YOUR TASK ▸ Would you please repeat all of the data exactly, omitting the pictures?

SUPPLIED DATA ▸

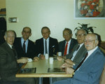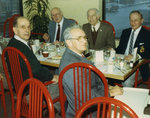 Description :VUE D'ALBERT BELL ATTABLE AU RESTAURANT AVEC CINQ AMIS (DONT L'UN EST PARTIELLEMENT CACHE), TROIS D'UN COTE, TROIS DE L'AUTRE. ALBERT BELL EST ASSIS A L'EXTREME DROITE FACE A LA CAMERA
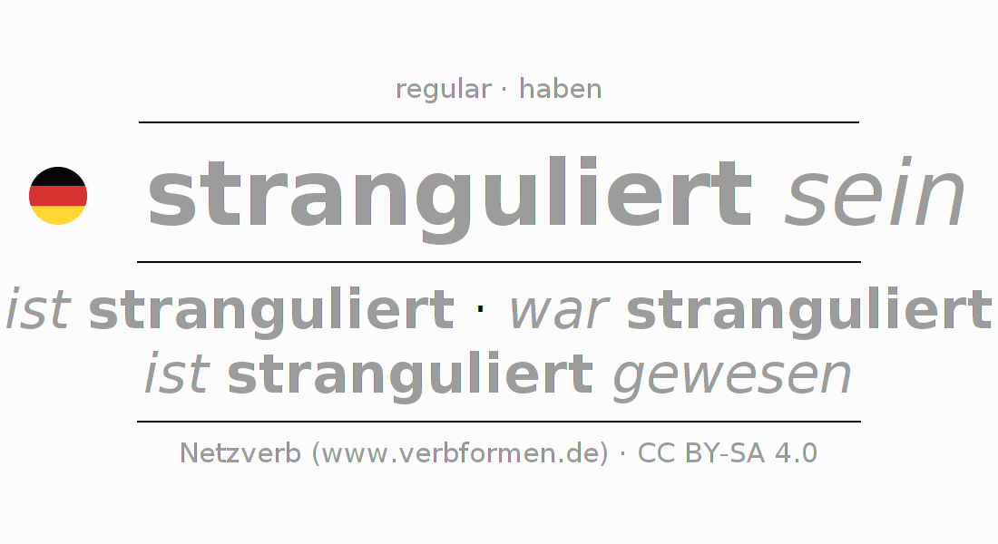 | ich | bin stranguliert | war stranguliert | sei stranguliert | wäre stranguliert | - |
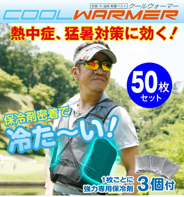 暑さ対策 熱中症予防 クールウォーマー パーフェクトベスト 50枚セット 保冷剤付き 涼しいベスト 軽量メッシュ インナー ウェア 薄手 作業着 大量購入 真夏日 猛暑 冷感 ひんやり 涼しい 気持ち良い 夏 冷たい スポーツ ゴルフ 安い

TASK OUTPUT ▸
 Description :VUE D'ALBERT BELL ATTABLE AU RESTAURANT AVEC CINQ AMIS (DONT L'UN EST PARTIELLEMENT CACHE), TROIS D'UN COTE, TROIS DE L'AUTRE. ALBERT BELL EST ASSIS A L'EXTREME DROITE FACE A LA CAMERA
 | ich | bin stranguliert | war stranguliert | sei stranguliert | wäre stranguliert | - |
 暑さ対策 熱中症予防 クールウォーマー パーフェクトベスト 50枚セット 保冷剤付き 涼しいベスト 軽量メッシュ インナー ウェア 薄手 作業着 大量購入 真夏日 猛暑 冷感 ひんやり 涼しい 気持ち良い 夏 冷たい スポーツ ゴルフ 安い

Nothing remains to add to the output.